→ What you will do: Transcribe the line holding "Woodgrain-style thermofoil cabinets" together with every line after it, through the end of the records, exactly and with no pictures.
-- Opening Marker --
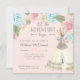 Formato quadrado para um tema de convite de chá de fraldas exclusivo e destacável. Mão pintada em aquarela pela artista e designer Audrey Jeanne Roberts. Rosas azuis e rosadas pastéis com uma fenda e texto tipográfico "que comece a aventura." Copyright, Audrey Jeanne Roberts.
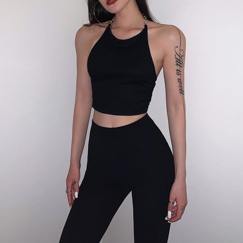 トップス キャミソール ショート丈 3072 ノースリーブ ホルターネック タイト チェーン ポリエステル 薄手 おしゃれ かっこいい 大人女子 こなれ感 個性的 クール セクシー 主役級 存在感 抜け感 ストリート系 無地 春 夏 2021 10代 20代 レディース パーティー イベント リゾート 海 プール 着回し 重ね着 新作 インスタ映え サイズ S M L ブラック 送料無料
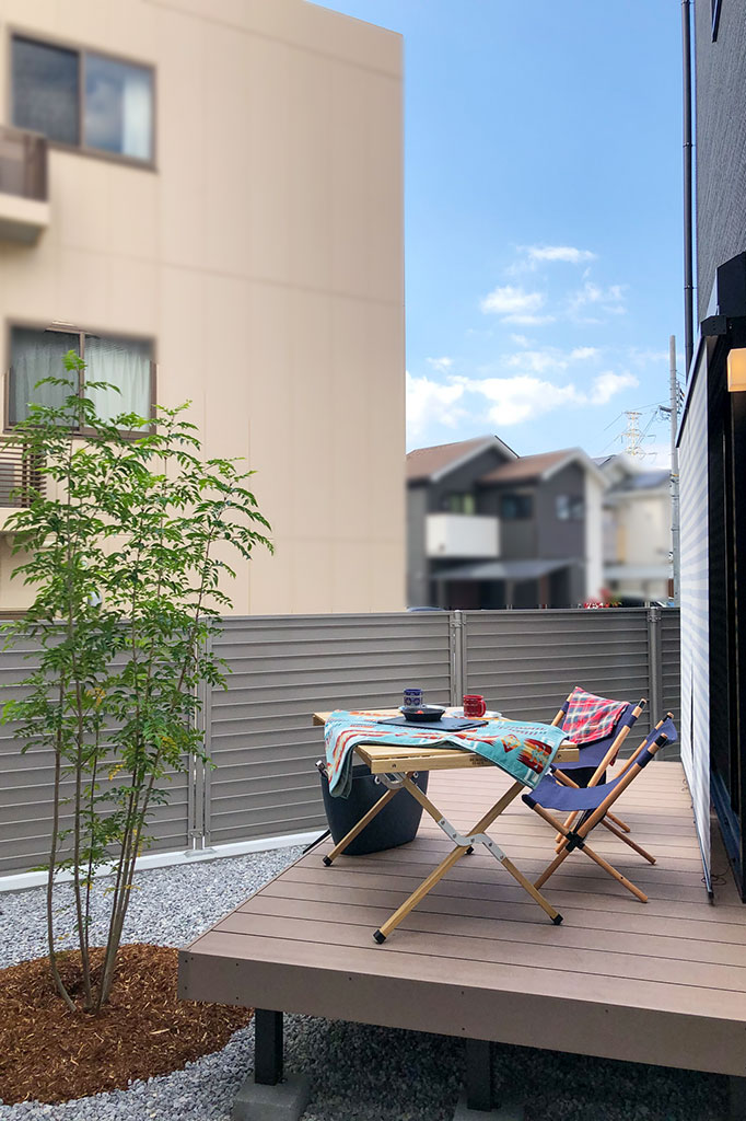 シンボルツリーが映える、リビング横にあるウッドデッキ。敷地にゆとりがあるので、友人を呼んでBBQなどを楽しむことも。
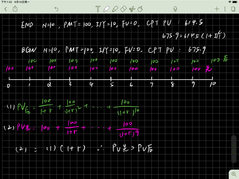 为什么PV先付年金大于PV后付年金?老师说多滚了一期利息,应该是小于呀?
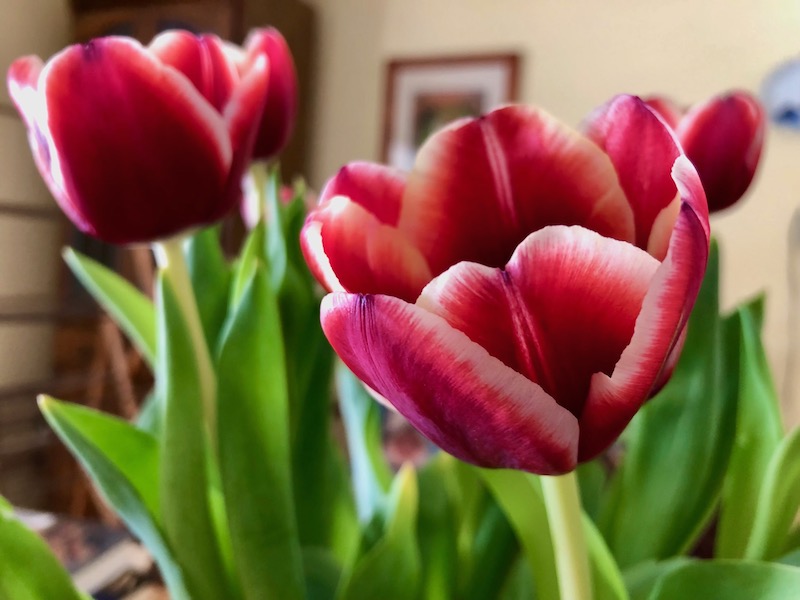 Thanks, Cathy. Those tulips were extra nice, I must admit. Not sure if the camera captured that they were almost a burgundy with a hint of orange at the base blending out to pale cream on the tips. As you can see outside we’re at the crocus and snowdrop stage. Scilla and chionodoxa, too. A few early daffs opened today, but with temps set to soar this week, things will leap ahead and the last of the snow in the shadows will be history!
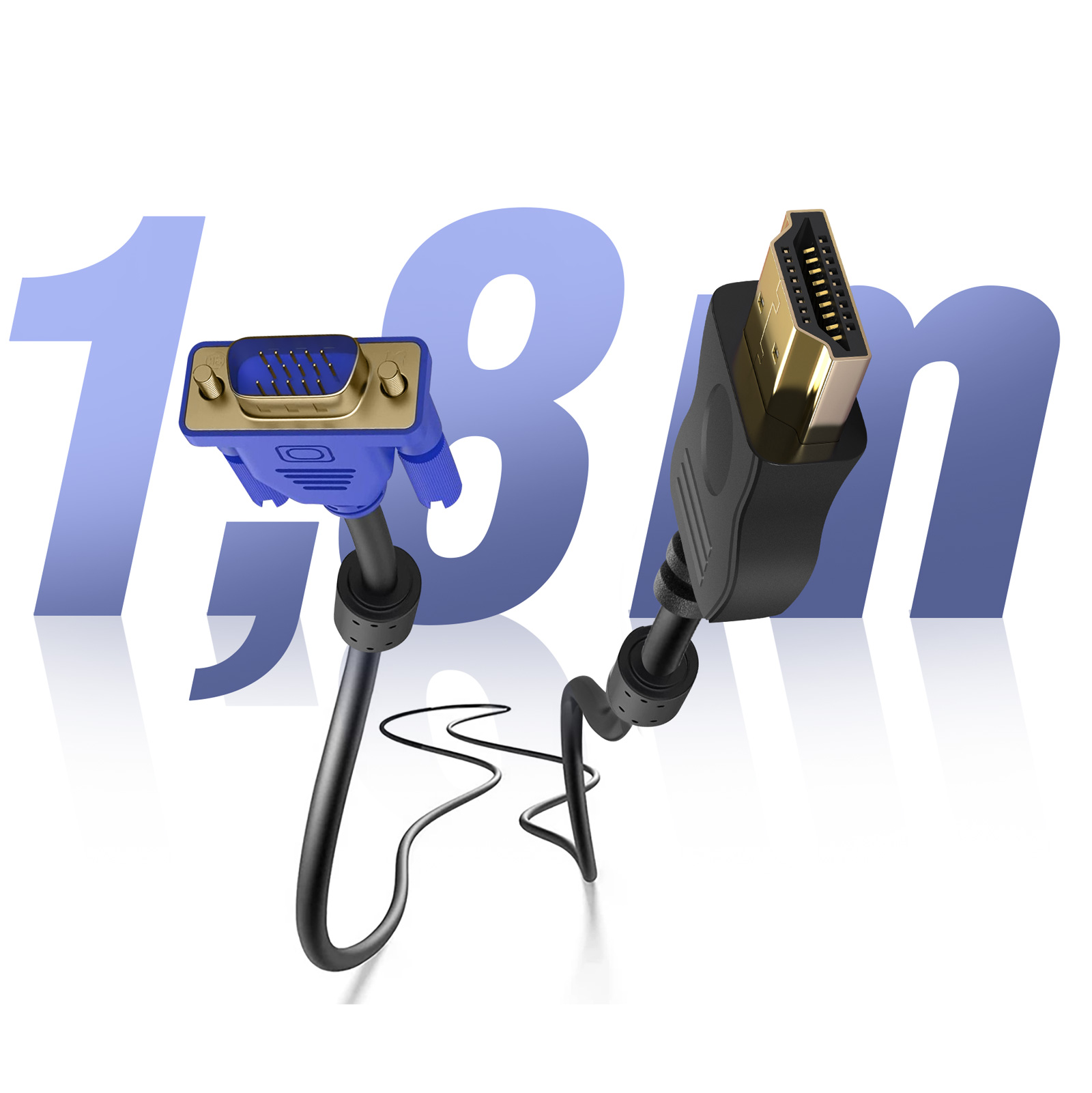 Câble HDMI Mâle vers VGA Mâle 15 Broches 1.8m Transmission Audio et Vidéo Noir
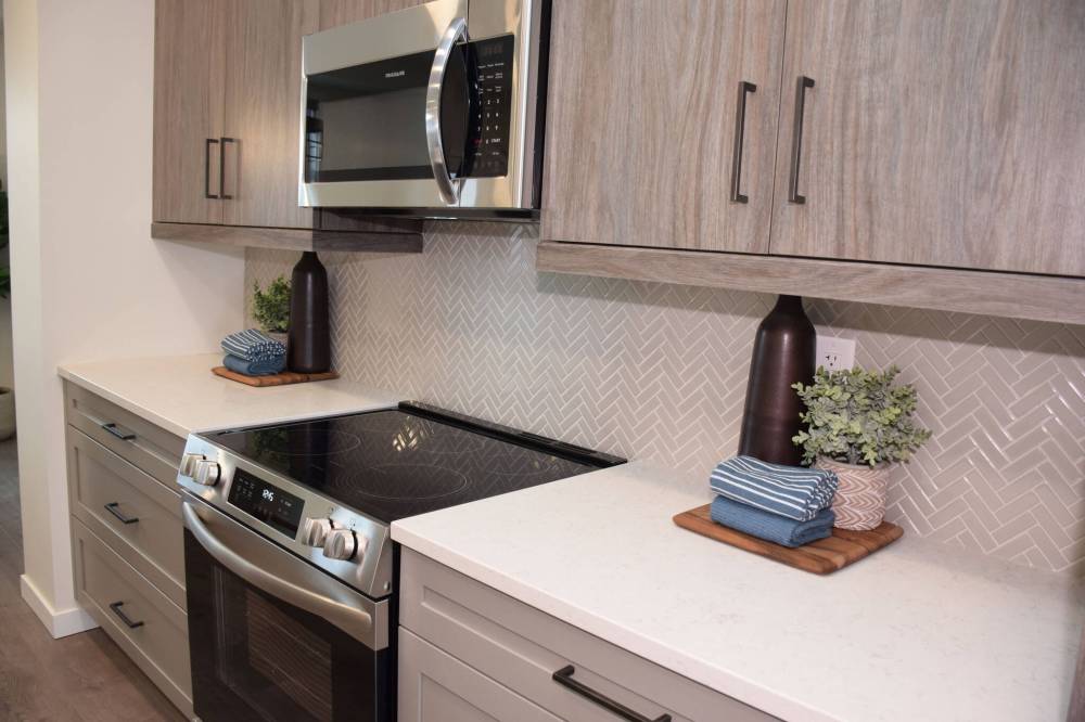 Woodgrain-style thermofoil cabinets and a taupe herringbone-style backsplash combine with quartz countertops and taupe pot drawers to elegantly frame the slide-in range.
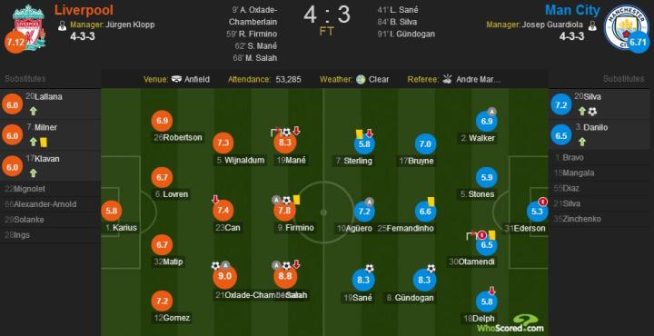利物浦方面,传射建功的张伯伦获得了全场最高的9分!曼城方面,收获进球的萨内和京多安并列获得全队最高的8.3分。
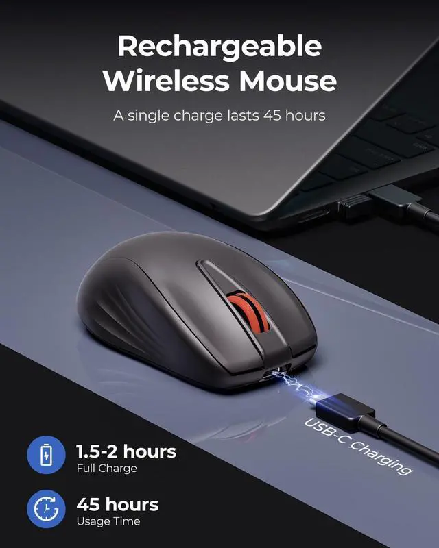 Rechargeable Wireless Mouse Stay productive with a built-in 380mAh lithium battery, offering up to 45 hours of continuous use on a single charge, and a convenient USB-C charging port for easy recharging
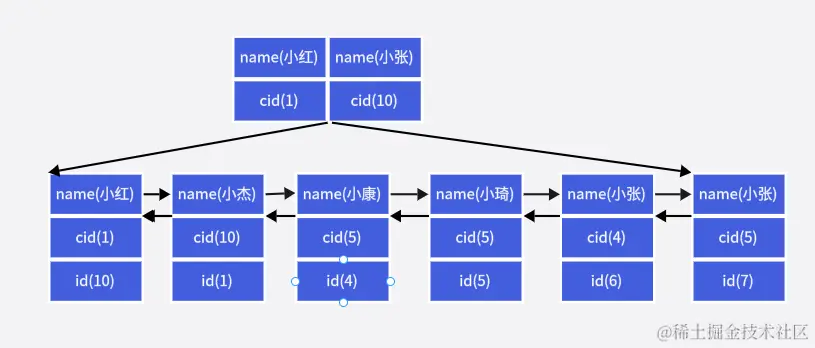 我们就会得到上面这样索引结构(当然树的深度也有可能是别的层数,为了方便理解我就画了两层),我们可以看到这棵树完全是以name的顺序构建的树,只有在name的排序规则不能排的情况下才会用到cid比如树中有两个小张。
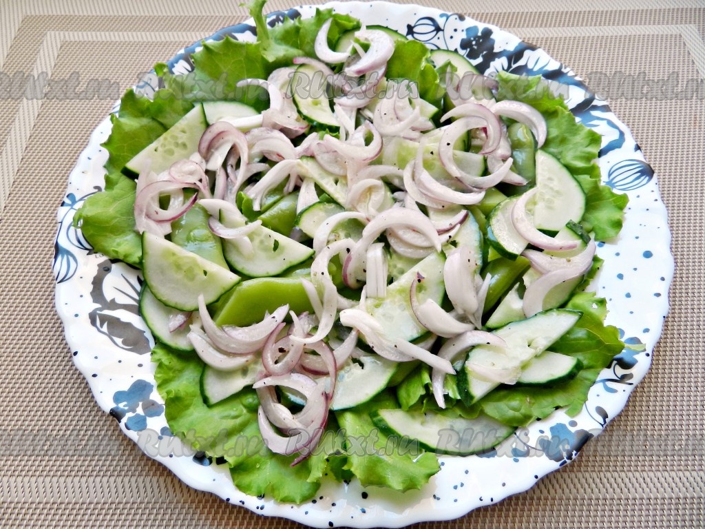На плоскую тарелку выложить листья салата, огурцы и лук.
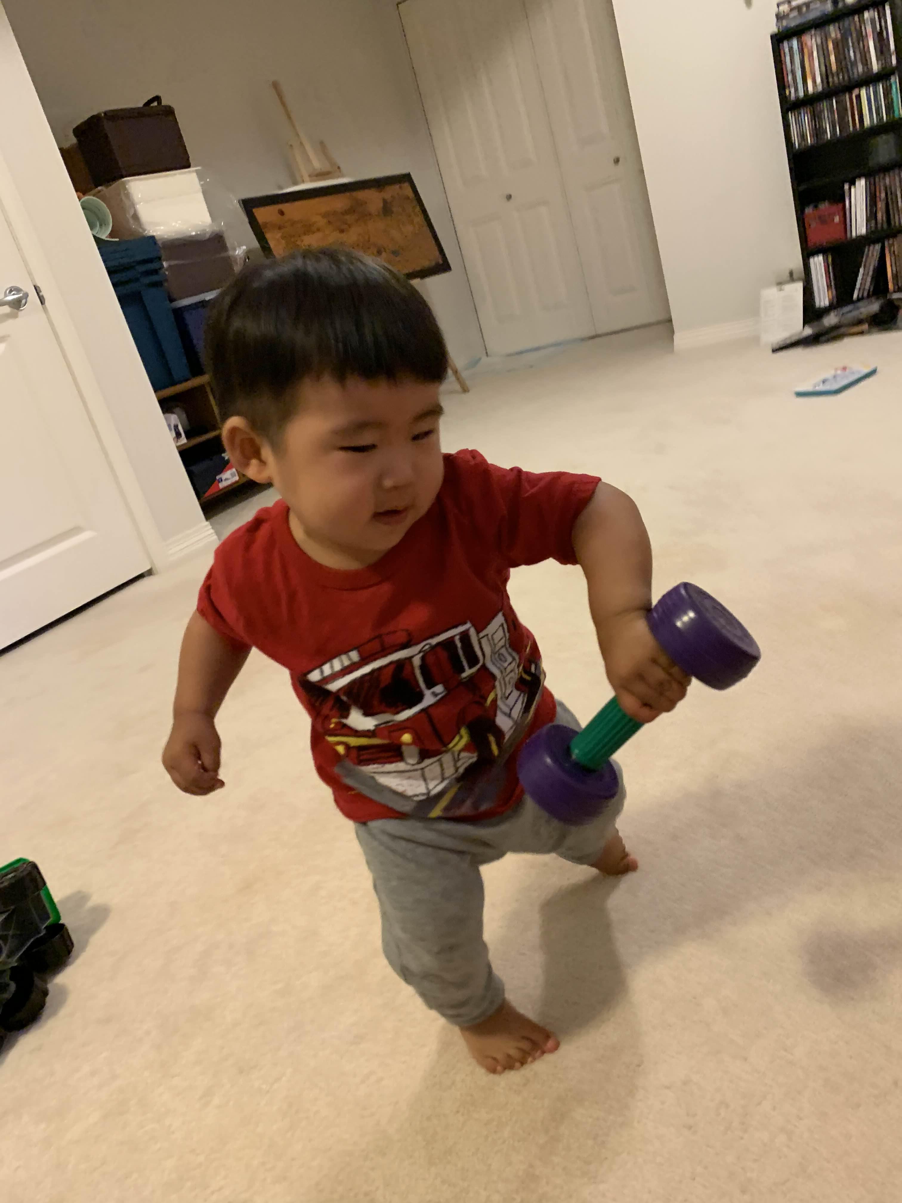 오늘도 어김없이 힘자랑하던 아들이라고 합니다.. 아빠 말로는.. 이걸 들어 올리는 아이는 태오가 유일했다고... 엄ㅁㅏ.. 조금 창피해지려고 그래...
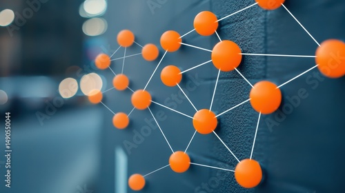 Orange spheres connected by lines form a network structure on a dark background, symbolizing connectivity and data.
-- Closing Marker --
→ Answer to the problem:
 Woodgrain-style thermofoil cabinets and a taupe herringbone-style backsplash combine with quartz countertops and taupe pot drawers to elegantly frame the slide-in range.
利物浦方面,传射建功的张伯伦获得了全场最高的9分!曼城方面,收获进球的萨内和京多安并列获得全队最高的8.3分。
 Rechargeable Wireless Mouse Stay productive with a built-in 380mAh lithium battery, offering up to 45 hours of continuous use on a single charge, and a convenient USB-C charging port for easy recharging
 我们就会得到上面这样索引结构(当然树的深度也有可能是别的层数,为了方便理解我就画了两层),我们可以看到这棵树完全是以name的顺序构建的树,只有在name的排序规则不能排的情况下才会用到cid比如树中有两个小张。
На плоскую тарелку выложить листья салата, огурцы и лук.
 오늘도 어김없이 힘자랑하던 아들이라고 합니다.. 아빠 말로는.. 이걸 들어 올리는 아이는 태오가 유일했다고... 엄ㅁㅏ.. 조금 창피해지려고 그래...
 Orange spheres connected by lines form a network structure on a dark background, symbolizing connectivity and data.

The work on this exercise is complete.